BRIEF
When the line containing "สะพานญี่ปุ่นโบราณ" is found in the data below, copy it and each line after it through the line containing "JAグループ福島「あぐり家の食卓」のホー", exactly and with no others.

Saved entries
-*-*-
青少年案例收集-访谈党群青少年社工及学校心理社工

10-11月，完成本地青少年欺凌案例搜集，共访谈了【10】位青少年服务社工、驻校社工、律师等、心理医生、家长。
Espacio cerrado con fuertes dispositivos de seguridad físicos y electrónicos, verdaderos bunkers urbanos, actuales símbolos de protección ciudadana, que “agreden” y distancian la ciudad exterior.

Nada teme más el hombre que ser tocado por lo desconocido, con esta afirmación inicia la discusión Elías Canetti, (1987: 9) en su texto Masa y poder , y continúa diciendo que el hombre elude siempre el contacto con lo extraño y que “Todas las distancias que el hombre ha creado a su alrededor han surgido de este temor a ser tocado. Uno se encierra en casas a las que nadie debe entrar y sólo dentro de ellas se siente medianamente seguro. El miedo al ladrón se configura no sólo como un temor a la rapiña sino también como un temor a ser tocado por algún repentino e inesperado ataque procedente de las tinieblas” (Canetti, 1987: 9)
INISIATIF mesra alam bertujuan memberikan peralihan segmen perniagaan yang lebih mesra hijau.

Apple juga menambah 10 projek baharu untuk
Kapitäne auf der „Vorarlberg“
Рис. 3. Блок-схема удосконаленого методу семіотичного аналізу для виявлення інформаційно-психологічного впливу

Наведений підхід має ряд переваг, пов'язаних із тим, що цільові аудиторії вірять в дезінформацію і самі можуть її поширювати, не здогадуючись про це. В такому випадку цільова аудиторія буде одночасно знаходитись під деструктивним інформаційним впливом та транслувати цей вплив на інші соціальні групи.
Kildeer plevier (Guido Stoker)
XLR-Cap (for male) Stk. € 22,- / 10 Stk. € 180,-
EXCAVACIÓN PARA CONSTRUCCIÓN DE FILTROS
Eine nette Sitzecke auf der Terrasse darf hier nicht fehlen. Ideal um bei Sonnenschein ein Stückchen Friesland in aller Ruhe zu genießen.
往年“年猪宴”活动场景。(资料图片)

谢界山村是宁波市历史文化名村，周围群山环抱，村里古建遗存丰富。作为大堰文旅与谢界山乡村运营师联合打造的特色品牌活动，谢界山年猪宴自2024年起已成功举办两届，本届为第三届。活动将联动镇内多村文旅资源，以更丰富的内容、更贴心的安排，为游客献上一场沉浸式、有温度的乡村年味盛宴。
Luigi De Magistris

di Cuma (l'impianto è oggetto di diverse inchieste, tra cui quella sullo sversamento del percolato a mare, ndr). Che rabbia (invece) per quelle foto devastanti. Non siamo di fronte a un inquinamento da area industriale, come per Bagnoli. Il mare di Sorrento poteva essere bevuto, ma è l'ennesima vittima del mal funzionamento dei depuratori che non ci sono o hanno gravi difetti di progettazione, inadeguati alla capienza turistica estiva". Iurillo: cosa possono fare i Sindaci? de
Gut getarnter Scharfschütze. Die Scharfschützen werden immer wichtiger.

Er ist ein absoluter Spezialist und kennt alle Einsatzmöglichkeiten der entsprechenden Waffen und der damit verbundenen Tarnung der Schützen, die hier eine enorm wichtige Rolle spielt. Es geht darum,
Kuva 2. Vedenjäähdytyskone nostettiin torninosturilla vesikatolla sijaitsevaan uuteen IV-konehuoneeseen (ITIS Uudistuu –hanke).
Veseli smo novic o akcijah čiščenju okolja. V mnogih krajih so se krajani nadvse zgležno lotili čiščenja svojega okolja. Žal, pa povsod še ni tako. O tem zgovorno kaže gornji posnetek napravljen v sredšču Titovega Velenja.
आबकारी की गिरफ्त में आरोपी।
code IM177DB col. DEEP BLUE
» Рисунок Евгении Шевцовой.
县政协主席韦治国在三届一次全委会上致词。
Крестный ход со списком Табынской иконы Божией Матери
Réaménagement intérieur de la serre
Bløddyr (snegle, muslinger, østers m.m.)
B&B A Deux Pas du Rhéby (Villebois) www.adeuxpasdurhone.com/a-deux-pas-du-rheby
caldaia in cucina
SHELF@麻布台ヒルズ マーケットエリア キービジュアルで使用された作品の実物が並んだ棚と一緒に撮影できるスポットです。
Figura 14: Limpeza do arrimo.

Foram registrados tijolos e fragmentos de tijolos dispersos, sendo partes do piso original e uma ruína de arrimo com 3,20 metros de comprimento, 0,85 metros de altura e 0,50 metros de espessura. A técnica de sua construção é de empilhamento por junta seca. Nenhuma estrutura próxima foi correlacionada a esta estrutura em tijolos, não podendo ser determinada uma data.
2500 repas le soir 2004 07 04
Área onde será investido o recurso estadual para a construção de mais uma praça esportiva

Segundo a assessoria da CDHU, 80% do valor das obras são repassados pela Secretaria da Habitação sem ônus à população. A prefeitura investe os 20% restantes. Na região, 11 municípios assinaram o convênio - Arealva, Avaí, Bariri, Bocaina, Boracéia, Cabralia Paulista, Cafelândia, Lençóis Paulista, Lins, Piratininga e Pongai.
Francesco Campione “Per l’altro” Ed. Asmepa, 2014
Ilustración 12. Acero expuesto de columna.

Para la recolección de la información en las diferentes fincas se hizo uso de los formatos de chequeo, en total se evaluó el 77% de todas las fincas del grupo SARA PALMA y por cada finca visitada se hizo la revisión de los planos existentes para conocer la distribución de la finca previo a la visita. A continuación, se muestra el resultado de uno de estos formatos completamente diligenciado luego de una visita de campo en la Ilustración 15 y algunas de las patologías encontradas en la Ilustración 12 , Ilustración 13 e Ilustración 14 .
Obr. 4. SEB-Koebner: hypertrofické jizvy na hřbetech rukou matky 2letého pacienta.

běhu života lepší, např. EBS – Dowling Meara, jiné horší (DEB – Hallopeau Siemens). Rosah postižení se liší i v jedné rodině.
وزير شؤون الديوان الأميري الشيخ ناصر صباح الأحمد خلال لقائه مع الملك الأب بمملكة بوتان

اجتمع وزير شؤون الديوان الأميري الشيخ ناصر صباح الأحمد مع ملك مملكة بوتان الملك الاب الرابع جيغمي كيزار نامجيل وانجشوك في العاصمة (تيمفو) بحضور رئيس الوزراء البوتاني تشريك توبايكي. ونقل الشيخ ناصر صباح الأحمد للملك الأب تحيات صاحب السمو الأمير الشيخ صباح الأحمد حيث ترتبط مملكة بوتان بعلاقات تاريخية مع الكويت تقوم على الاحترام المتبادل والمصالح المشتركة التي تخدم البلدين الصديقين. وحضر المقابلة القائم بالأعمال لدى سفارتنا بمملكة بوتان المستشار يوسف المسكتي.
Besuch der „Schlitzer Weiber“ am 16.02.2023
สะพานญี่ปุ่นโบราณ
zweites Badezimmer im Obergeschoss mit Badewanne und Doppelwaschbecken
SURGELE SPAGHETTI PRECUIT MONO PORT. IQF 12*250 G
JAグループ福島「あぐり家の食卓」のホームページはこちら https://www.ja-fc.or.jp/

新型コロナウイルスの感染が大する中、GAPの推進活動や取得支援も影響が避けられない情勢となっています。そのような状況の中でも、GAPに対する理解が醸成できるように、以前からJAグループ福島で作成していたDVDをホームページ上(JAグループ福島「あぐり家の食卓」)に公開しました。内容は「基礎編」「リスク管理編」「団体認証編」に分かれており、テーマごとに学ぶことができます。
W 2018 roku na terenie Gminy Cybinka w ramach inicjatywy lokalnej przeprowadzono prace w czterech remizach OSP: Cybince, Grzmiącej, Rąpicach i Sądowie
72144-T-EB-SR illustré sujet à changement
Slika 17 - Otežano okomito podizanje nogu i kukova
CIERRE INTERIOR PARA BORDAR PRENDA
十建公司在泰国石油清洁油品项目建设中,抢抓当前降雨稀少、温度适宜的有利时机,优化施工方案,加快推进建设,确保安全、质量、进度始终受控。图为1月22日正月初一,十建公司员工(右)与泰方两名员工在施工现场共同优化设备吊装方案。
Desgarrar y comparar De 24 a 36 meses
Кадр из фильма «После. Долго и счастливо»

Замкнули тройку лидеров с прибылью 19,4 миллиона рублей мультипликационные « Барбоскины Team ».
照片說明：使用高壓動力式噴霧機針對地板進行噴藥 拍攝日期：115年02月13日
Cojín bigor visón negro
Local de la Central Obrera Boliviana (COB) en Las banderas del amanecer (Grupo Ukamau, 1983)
-*-*-
YOUR RESPONSE
สะพานญี่ปุ่นโบราณ
zweites Badezimmer im Obergeschoss mit Badewanne und Doppelwaschbecken
SURGELE SPAGHETTI PRECUIT MONO PORT. IQF 12*250 G
JAグループ福島「あぐり家の食卓」のホームページはこちら https://www.ja-fc.or.jp/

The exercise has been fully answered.